Mental health issues affect billions of people across every corner of the globe, touching every community and every family, and mounting evidence shows the issue is worsening.
To combat the issue, we need to urgently grow our investment in programs that expand access to care, mental health advocates said at a TIME lunch on Wednesday in Davos, Switzerland. “Invest in the system, invest in our rights,” said Elisha London, founder and CEO of United for Global Mental Health. She called for $1 billion in spending on mental health programs worldwide: “It has to happen now.”

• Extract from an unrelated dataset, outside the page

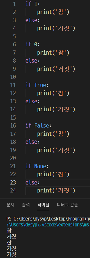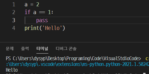 조건식이 참일 시 실행할 코드를 적지 않는다면 위 사진처럼 pass를 적어준다면 이 사진 위의 사진처럼 오류 없이 실행이 가능하다.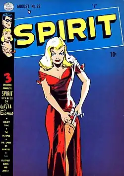 During World War II, women assumed jobs formerly occupied by men, becoming truck drivers, stevedores, and welders. The same was reflected in comic books, as heroes such as Hawkman turned to their wives or girlfriends for help, creating a new category of heroines: the partners.[5] Many women, after World War II, refused to give up their newfound freedom, creating a massive crisis in formerly assumed definitions of masculinity and femininity.[19][20][18] The femme fatale (prevalent in The Spirit comic book) exemplified this crisis: a strong, sexually aggressive woman who refused to stay in her traditional "proper" place.[21]

The event, held during the annual meeting of the World Economic Forum, featured a discussion with Indian actress Deepika Padukone, a tribute to Bernard J. Tyson—the late former Chairman and CEO of Kaiser Permanente—and a panel of mental health advocates in discussion with TIME’s Susanna Schrobsdorff. The event was produced in partnership with Kaiser Permanente.
The call for investment received attention for a very good reason: current mental health funding levels are woefully inadequate. In 2015, global funding for development assistance for health was estimated at $36 billion. Of that, only $110 million went toward mental health. Asked what would help address the issue, Padukone, who runs mental health advocacy group The Live Love Laugh Foundation, replied lightly “money, money, money” to the tune of the song.
The panelists also stressed that there are real solutions in need of funding. London advocated for thinking carefully about addressing a range of issues with specially-tailored solutions, from mild anxiety to serious mental illness. Don Mordecai, National Leader for Mental Health and Wellness at Kaiser Permanente, stressed that health care providers can help stem issues through early intervention.
“Any healthcare company, most of our investment is at the end of life, or once people have illness,” said Mordecai. “We’re leading the way thinking, ‘how do we actually go back upstream to where these things start?'”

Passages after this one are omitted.